Most of them submissively followed his orders to run; others tried to push their way past him, screaming for their mothers; he refused to allow them to reenter.

Panting, his heart straining against his chest, Frank beat at a spark that caught in his eyebrow, "SQUIGGY!" He shouted, intending to drag the kid out of the tent before the whole place went up.

His nearly cried out at what he saw.

They say that true moments of crises bring out a person's true nature. Frank DeFazio was shocked to discover that Andrew Squiggman's true nature was that of a hero.

He was standing on animal's chute, the one blocking the main exit, the one that the lazy, cheap circus performers hadn't taken down in a desperate rush to save their own skins. With all of his strength, he stood grabbing children who stood stranded on one side of the chute and threw them to the other side, where they could escape through a small hole that had been made under the bleachers in the tenting.

Frank stood in awe as Squiggy helped child after child, man after man, woman after woman, until not a single person stood waiting to be helped. Then he jumped down off of the chute and stood beside Frank.

"Wasn't nothin," He mumbled, "Don't tell no one." Then his eyes went wide and he shouted, "Jay! Look out!"

Frank felt a pair of hands shove him so hard that he stumbled right out of that hole in the canvas.

Seconds after the flaming tent collapsed in on itself.

Edna hadn't believed it when Frank came to her with stories of Squiggy's heroics until person after person he saved went to the local media, extolling his virtues, praising him as a man.
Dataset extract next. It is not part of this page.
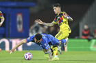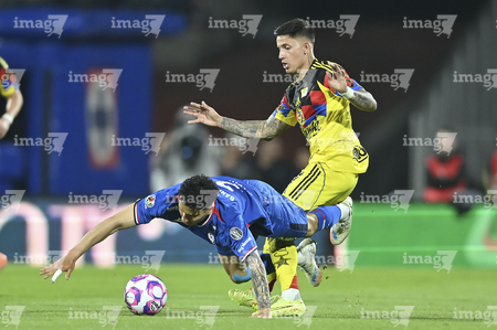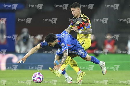 Ciudad de México, 18 de octubre de 2025. Sebastián Cáceres y Luka Romero, durante el partido correspondiente a la jornada 13 del torneo Apertura 2025 de la Liga BBVA MX, entre la Máquina Celeste del Cruz Azul y las Águilas del América, realizado en el estadio Olímpico Universitario. Foto: Imago7/ Alexis Chavez

THEIR Squiggy?! It didn't seem possible to Edna.

Then again, everyone had changed. Lenny and Laverne clung to one another, refused to be separated by more than an hour. Carmine had stopped talking of going to Broadway, spending hours in prayer, and Rhonda simply sat, catatonic, unable to emote.

For some reason, the accident had incurred a positive effect on Frank.

Edna shook her head. It was all such a shame.

"The Mass is over. Go in peace."

Edna helped guide Frank from his seat; followed by Lenny and Laverne, they all gathered around Squiggy's casket.

Lenny began to sob, "Why'dya have to go, Squig?!" He sobbed, then bellowed, "Why'd ya have ta go?!?" Carmine rose from his knees and led Lenny away from the chapel. Laverne could still hear him sobbing outside, and though her heart yearned to comfort him, she wanted to be alone with Squiggy for a moment..

Rhonda placed the flat of her hand on the casket. Just lying it there for a moment. Then she disappeared out a side door.

Frank and Edna laid a wreath atop Squiggy's casket; Laverne could see that the tag on it read, "With Love, from Jay and Mrs. Babbish." As they, too, went to console Lenny.

Laverne stood perfectly still for a moment.

Then she leaned forward, pressing her forehead against the casket; she wondered if Squiggy could hear her thoughts, wherever they were.

Who knew that he'd had greatness him him? Besides Len. she thought, But ya did, Squig. Yer a hero. Then she smiled bittersweetly and lay the tulips beside her father's wreath.

Each bore the name of a survivor who lived solely because Andrew Squiggman had discovered just how great he truly was at just the right time.

He had had greatness in him after all.